_DATA PROVIDED:_
------------------------------------------------------------------------

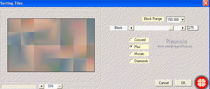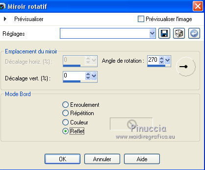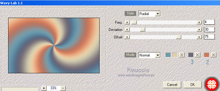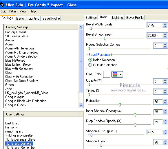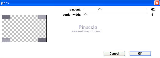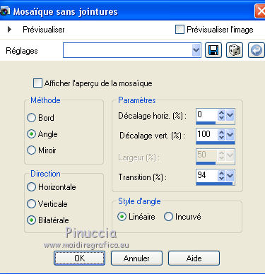 Ce tutoriel a été créé et traduit avec CorelX12, mais il peut également être exécuté avec les autres versions. Suivant la version utilisée, vous pouvez obtenir des résultats différents. Depuis la version X4, la fonction Image>Miroir a été remplacée par Image>Renverser horizontalement, et Image>Renverser avec Image>Renverser verticalement . Dans les versions X5 et X6, les fonctions ont été améliorées par la mise à disposition du menu Objets. Avec la nouvelle version X7, nous avons encore Image>Miroir et Image>Renverser/Retourner, mais avec nouvelles différences. Voir les détails à ce sujet ici Certaines dénominations ont changées entre les versions de PSP. Les plus frequentes dénominations utilisées: ![]() Vos versions ici![]() Nécessaire pour réaliser ce tutoriel: Un tube à choix Le reste du matériel ici Pour le tube que j'ai utilisé merci Luz Cristina. Pour le masque merci Narah. Le reste du matériel est de Tati (ici les liens vers les sites des créateurs de tubes) Modules Externes: consulter, si nécessaire, ma section des filtres ici Filters Unlimited 2.0 ici &<Bkg Designer sf10I> - Cruncher (à importer dans Unlimited) ici Simple - Zoom out and flip ici Mehdi - Wavy Lab 1.1. ici Mehdi - Sorting Tiles 1.1 ici Filter Factory Gallery D - Mirror It ici RCS Filter Pak 1.0 - RCS TripleExposure ici AFS IMPORT - sqborder2 ici Penta.com - Jeans ici VanDerLee - Unplugged-X ici Alien Skin Eye Candy 5 Impact - Glass ici AP [Lines] - Lines SilverLining ici Filtres Simple, Toadies et Penta.com peuvent être utilisés seuls ou importés dans Filters Unlimited. voir comment le faire ici). Si un filtre est fourni avec cette icône, ![]() en fonction des couleurs utilisées, vous pouvez changer le mode mélange et l'opacité des calques. Placer le preset En cliquant sur le preset une ou deux fois (selon vos réglages) automatiquement il se placera directement dans le dossier Settings de Alien Skin Eye Candy. pourquoi un ou deux clic voir ici Placer les sélections dans le dossier Sélections. Ouvrir les masques dans PSP et le minimiser avec le reste du matériel. Choisir des couleurs en fonction de votre tube. Ci-dessous la palette des couleurs ![]() 1. Placer en avant plan la couleur 1 #dfceac, et en arrière plan la couleur 4 #709aa9. ![]() 2. Ouvrir une nouvelle image transparente 900 x 550 pixels. 3. Effets>Modules Externes>Mehdi - Wavy Lab 1.1. Ce filtre crée des dégradés avec les couleurs de votre palette: la première est la couleur d'arrière plan, la deuxième est la couleur d'avant plan. Changer les autres deux couleurs créées par le filtre: la trosième avec la couleur 3 #6e6b79 et la quatrième avec la couleur 2 #c97a5e ![]() 4. Effets>Effets d'image>Mosaïque sans jointures, par défaut. ![]() 5. Réglage>Flou>Flou gaussien - rayon 50. ![]() 6. Effets>Modules Externes>Mehdi - Sorting Tiles. ![]() Effets>Effets de bords>Accentuer. 7. Calques>Dupliquer. Effets>Modules Externes>Filter Factory Gallery D - Mirror It, par défaut. ![]() Placer le calque en mode Recouvrement et réduire l'opacité à 50%. 8. Image>Renverser. Calques>Fusionner>Fusionner le calque de dessous. Calques>Dupliquer. Image>Miroir. Image>Renverser. 9. Effets>Effets de texture>Textile, couleur 3 #6e6b79 ![]() 10. Effets>Effets de réflexion>Miroir rotatif ![]() 11. Activer l'outil Sélection ![]() (peu importe le type de sélection, parce que avec la sélection personnalisée vous obtenez toujours un rectangle), cliquer sur Sélection personnalisée ![]() et setter ces paramètres. ![]() Presser CANC sur le clavier ![]() Sélections>Désélectionner tout. 12. Placer le calque en mode Recouvrement. Effets>Effets de bords>Accentuer. 13. Placer en arrière plan la couleur blanche #ffffff. ![]() Vous positionner sur le calque du bas, Raster 1. 14. Sélections>Charger/Enregistrer une sélection>Charger à partir du disque. Chercher et charger la sélection TD_Daniela_Sel1. ![]() Sélections>Transformer la sélection en calque. Sélections>Désélectionner tout. 15. Effets>Modules Externes>RCS Filter Pak 1.0 - RCS TripleExposure, par défaut. ![]() Effets>Effets de bords>Accentuer. 16. Sélections>Charger/Enregistrer une sélection>Charger à partir du disque. Charger à nouveau la sélection TD_Daniela_Sel1. ![]() 17. Sélections>Modifier>Sélectionner les bordures de la sélection. ![]() 18. Effets>Modules Externes>AFS IMPORT - sqborder2, par défaut. ![]() Sélections>Désélectionner tout. 19. Placer le calque en mode Luminance (héritée). 20. Calques>Nouveau calque raster. Sélections>Charger/Enregistrer une sélection>Charger à partir du disque. Chercher et charger la sélection TD_Daniela_Sel2. ![]() 21. Remplir la sélection avec la couleur blanche d'arrière plan #ffffff.Sélections>Modifier>Contracter - 2 pixels. Presser CANC sur le clavier ![]() 22. Vous positionner sur le calque du bas de la pile, Raster 1. Sélections>Transformer la sélection en calque. Calques>Agencer>Déplacer vers le haut - 2 fois. ![]() 23. Effets>Modules Externes>Alien Skin Eye Candy 5 Impact - Glass. Sélectionner le preset TD_Glass_Daniela et ok. Ci-dessous les réglages, en cas de problèmes avec le preset. ![]() Sélections>Désélectionner tout. 24. Calques>Fusionner>Fusionner le calque de dessous. 25. Placer en avan plan la couleur 4 #709aa9. ![]() Calques>Nouveau calque raster. Remplir le calque avec la couleur #709aa9.26. Calques>Nouveau calque de masque>A partir d'une image. Ouvrir le menu deroulant sous la fenêtre d'origine et vous verrez la liste des images ouvertes. Sélectionner le masque Narah_Mask_1303. ![]() Calques>Fusionner>Fusionner le groupe. 27. Placer le calque en mode Multiplier. Effets>Effets de bords>Accentuer. 28. Effets>Effets d'image>Mosaïque sans jointures. ![]() 29. Placer en avant plan la couleur 2 #c97a5d. ![]() Calques>Nouveau calque raster. Remplir le calque avec la couleur #c97a5d.30. Calques>Nouveau calque de masque>A partir d'une image. Ouvrir le menu deroulant sou
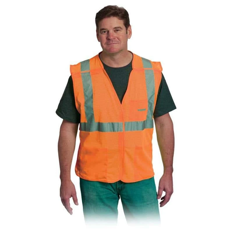 Featuring 2″ silver reflective tape for better visibility, hook and loop closure, 2 internal lower pocket and 1 external chest pocket with 1 pen pocket. , ANSI/ISEA 107 Class 2 vest , Made with a breathable, breakaway polyester mesh for maximum cool comfort and additional safety around moving machinery or equipment. , Sizing from Medium to 5X.,
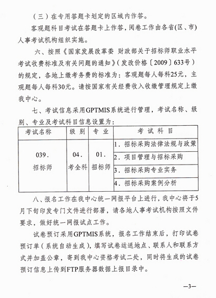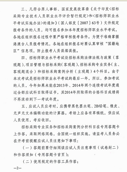 考試科目分別為《招標采購法律法規與政策》、《項目管理與招標采購》、《招標采購專業實務 》、《招標采購案例分析》。由于本次考試是招標師職業水平考試的最后一年,因此,參加考試的人員,今年如果未能在2013年、2014年兩個連續考試年度通過全部應試科目取得證書,其2014年所取得的合格科目成績將不再滾動到下一考試年度。
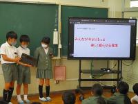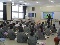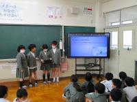 NTTドコモの方に来校いただき、SNSや直接会わないときのコミュニケーションの取り方で気を付けるべきこと等について具体的なお話をしていただきました。グループで考えたり、友達の発表を聞いたり、クイズに答えたりする中で、子供たちは自分事としてよく考えることができた時間でした。
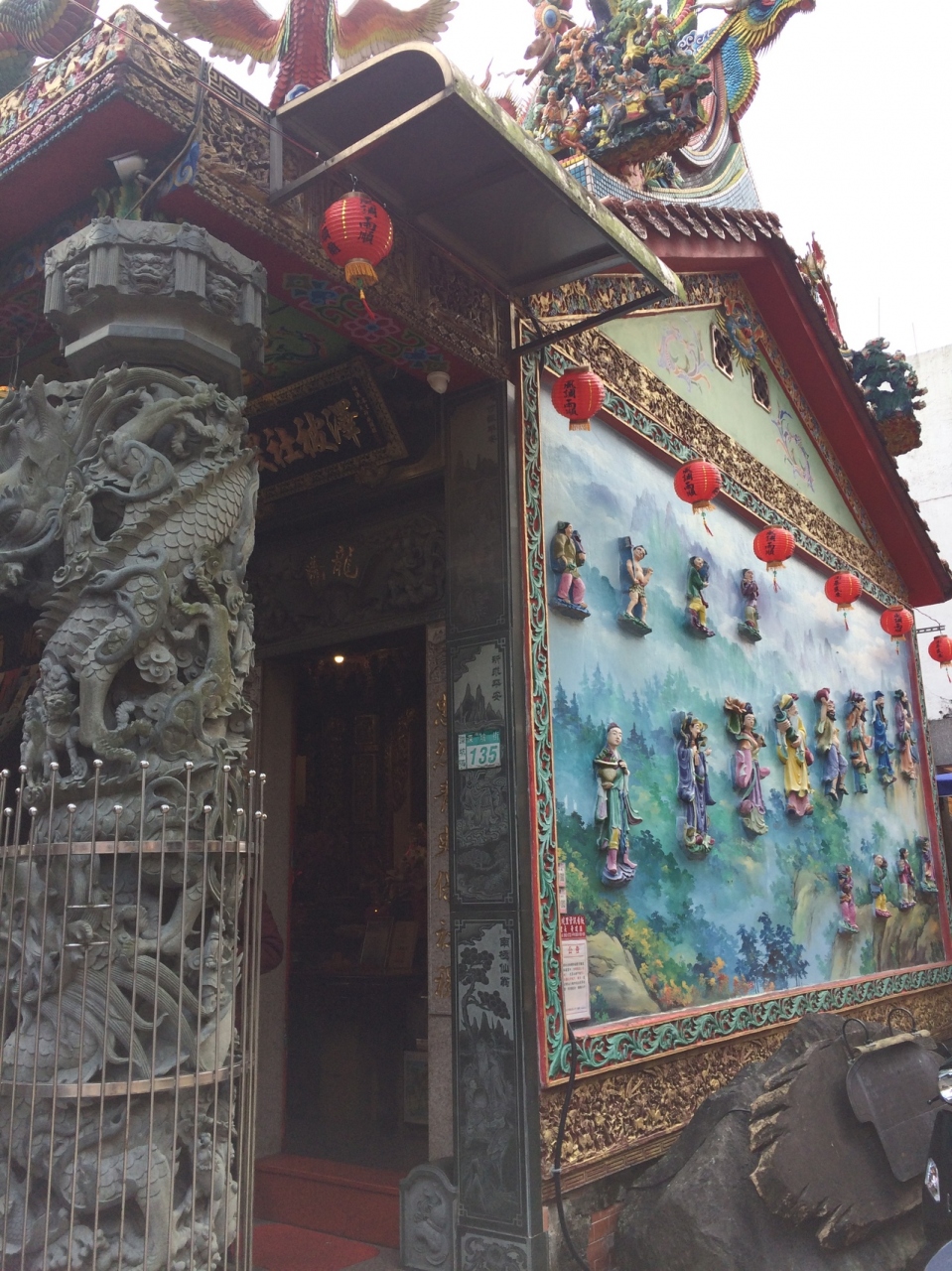 今回久しぶりに行ったら電光掲示板が増えたのか大きくなったような気がしました。ゴミ箱がちょうどこの集順廟の前にあり、そこで臭豆腐の串や紙箱などを捨てます。お寺の彫刻は、かなり精密で見ごたえのあるものでした。
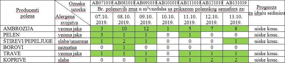 1 do 30 pz/m3 | 1 do 15 pz/m3 | koncentracije polena koje kod izuzetno osetljivih osoba mogu
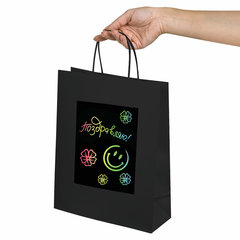 В комплект подарочных пакетов из крафт-бумаги также входят бумажные ручки, скретч-слой с одной стороны пакета и два бамбуковых стилуса. Размер – 32x13x26 см. Пакеты однотонного цвета. Формат: вертикальный, Вид пакета: набор, Дизайн: Black Kraft, Материал: крафт-бумага, Количество в комплекте: 7 шт., С рисунком: да, Цвет: черный, Размер пакета: L (26х13х32) см, Формат размера пакета: L. Код: 591970
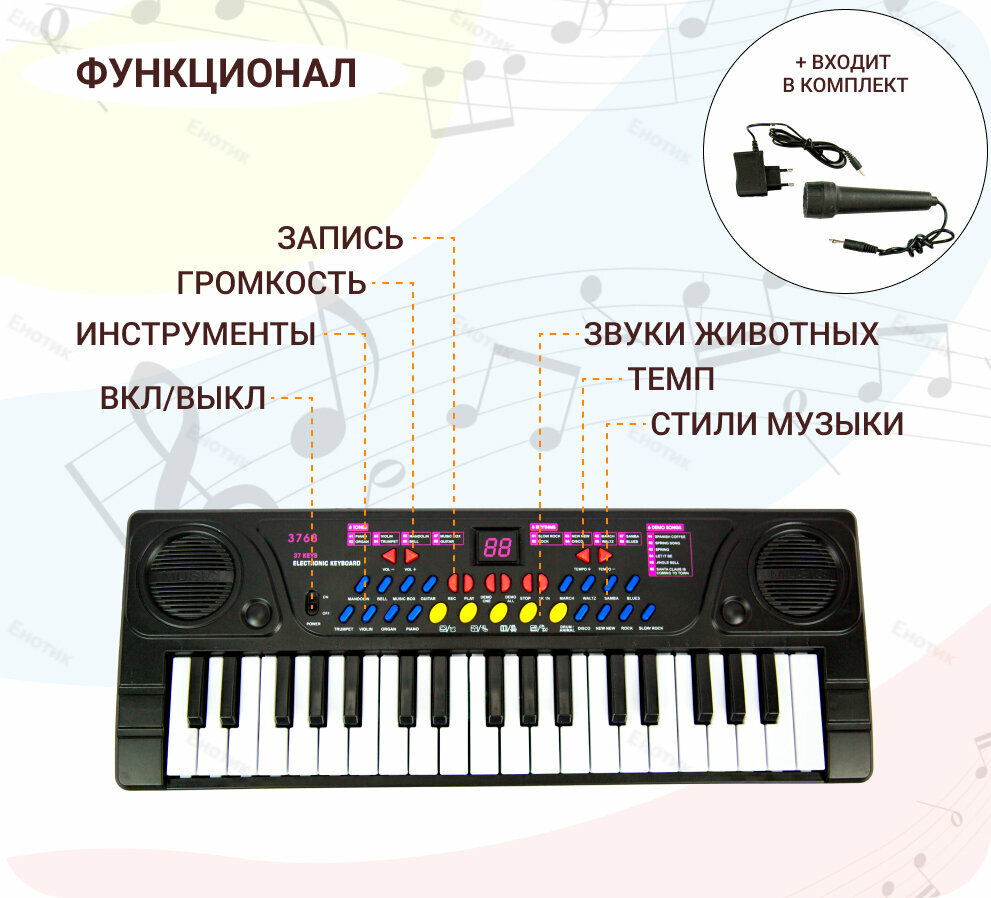Синтезатор детский. Пианино детское работает от сети и батареек, с микрофоном в/к 50*18*6,5см интересное:
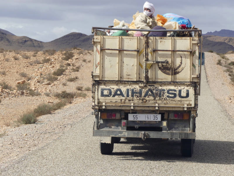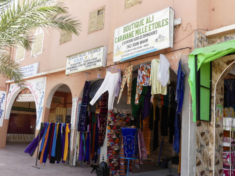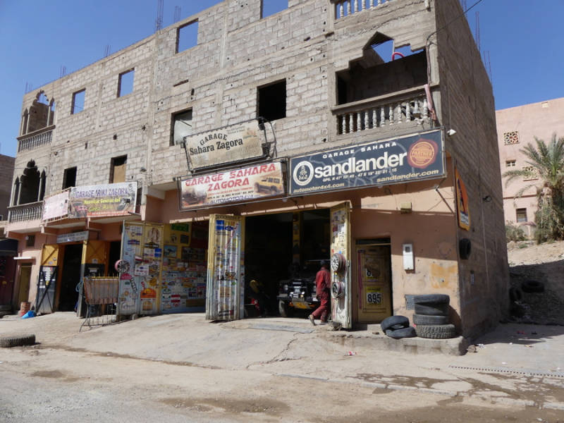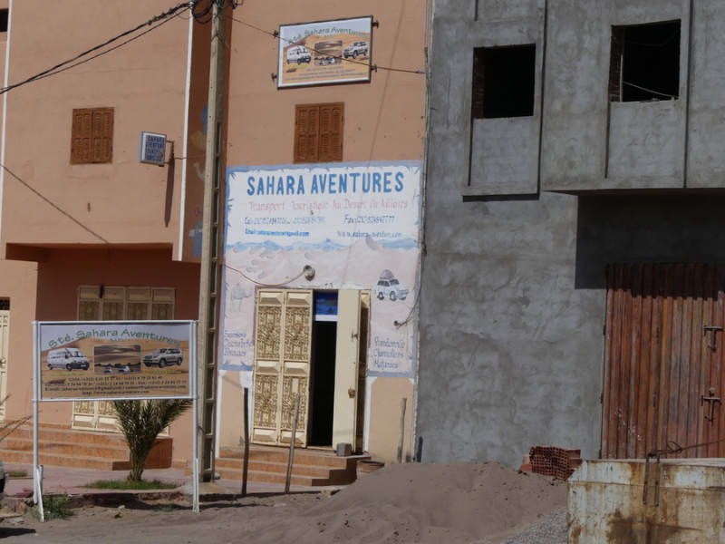 Het stikt in Zagora van de reisbureautjes, vooral in de doorgaande brede hoofdweg, sommige zitten in wat groezelige pandjes.. Je kunt daar een tocht boeken met een 4x4 naar Mhamid en verder naar de zandduinen. Voor toeristen die in Marrakech logeren is dit een mogelijkheid om nog iets van de Sahara te zien. Merzouga is natuurlijk veel interessanter maar dat is te ver. De chauffeurs van de Toyota’s of andere 4x4’s zijn jonge macho’s met tulbanden , wijde wapperende jurken’ en een manier van lopen die uitstraalt ‘wij willen wel een Europese chick versieren.’
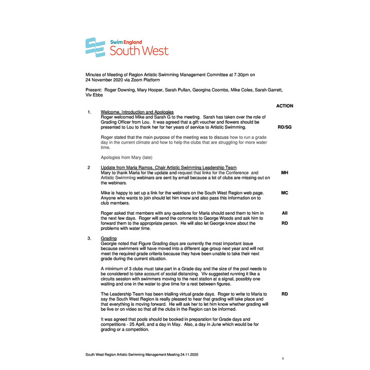 Artistic Swimming Committee Meeting Minutes - 24.11.20 Artistic Swimming Committee Meeting Minutes - 24.11.20
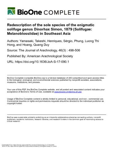 Title: | Redescription of the sole species of the enigmatic solifuge genus Dinorhax Simon, 1879 (Solifugae: Melanoblossiidae) in Southeast Asia |
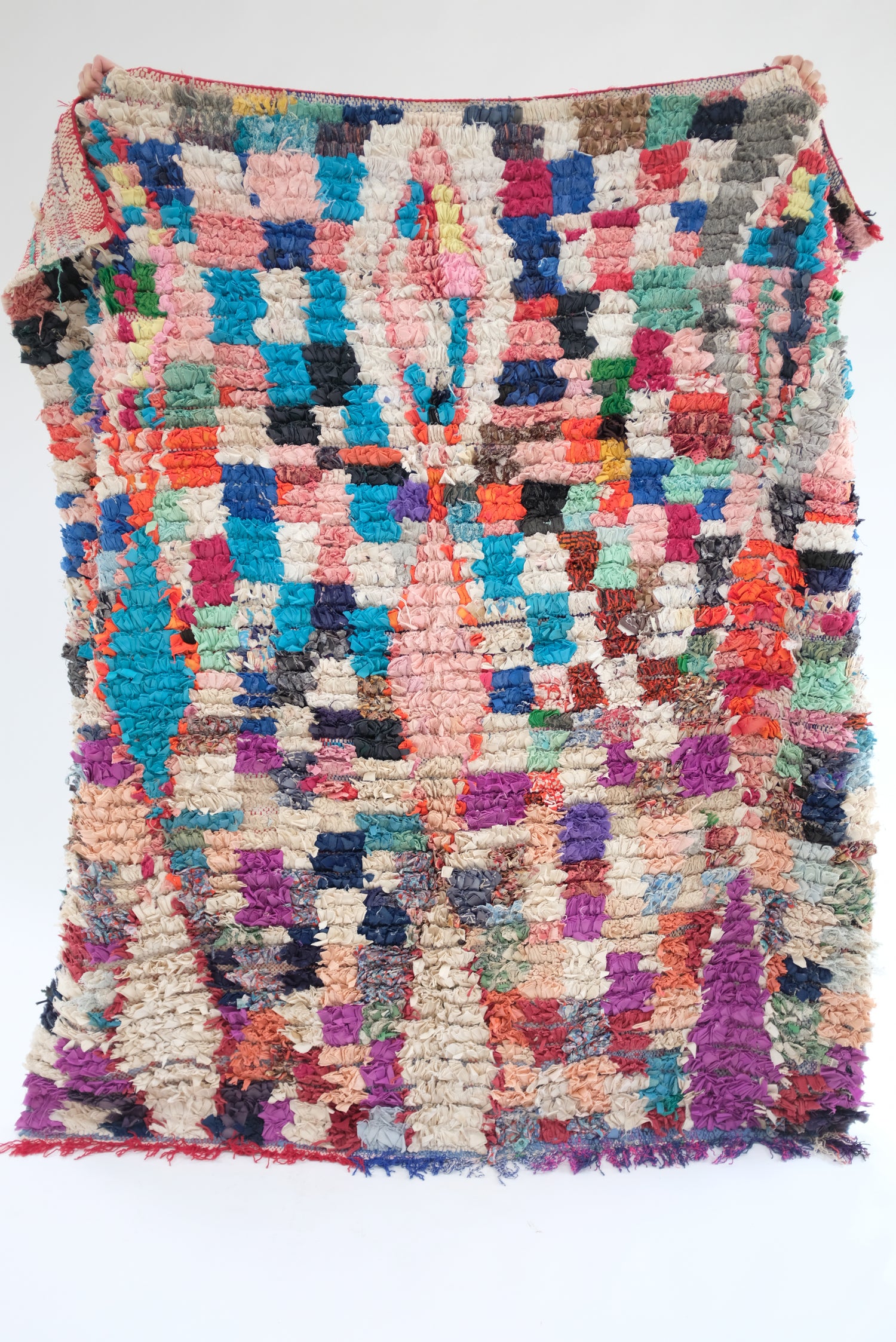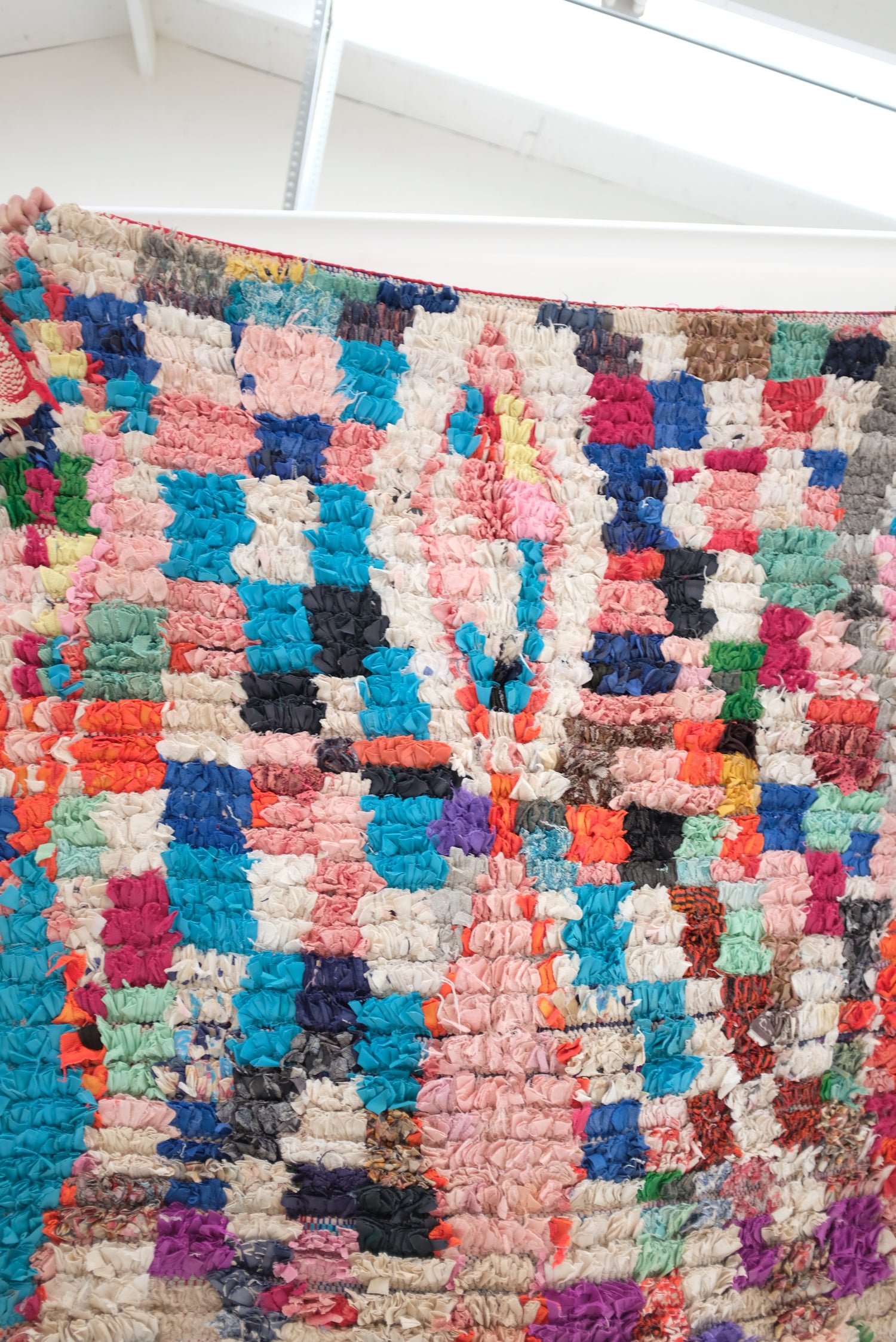 Morocco's Berber craft Boucherouite rugs. Can also be hung on walls. Authentic vintage rugs that make a colorful and warm statement. Made from sustainable materials by local artisans – including cotton, nylon and wool. Each is one of a kind.
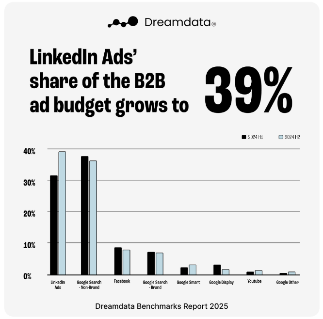 For B2B SaaS companies, this means direct access to the ideal customer profile (ICP): 65 million decision-makers, four out of five of whom are involved in business decisions within their organizations. By the end of 2025, LinkedIn accounted for 39% of all B2B paid media budgets.

------------------------------------------------------------------------

_DIRECTIONS FOR THIS TASK:_
Could you return exactly the lines starting with the one that contains "Artistic Swimming Committee Meeting Minutes - 24.11.20 Artistic" and ending with the last line of the data above? Leave the pictures out.

_RESULT FOR THIS EXERCISE:_
 Artistic Swimming Committee Meeting Minutes - 24.11.20 Artistic Swimming Committee Meeting Minutes - 24.11.20
 Title: | Redescription of the sole species of the enigmatic solifuge genus Dinorhax Simon, 1879 (Solifugae: Melanoblossiidae) in Southeast Asia |
 Morocco's Berber craft Boucherouite rugs. Can also be hung on walls. Authentic vintage rugs that make a colorful and warm statement. Made from sustainable materials by local artisans – including cotton, nylon and wool. Each is one of a kind.
 For B2B SaaS companies, this means direct access to the ideal customer profile (ICP): 65 million decision-makers, four out of five of whom are involved in business decisions within their organizations. By the end of 2025, LinkedIn accounted for 39% of all B2B paid media budgets.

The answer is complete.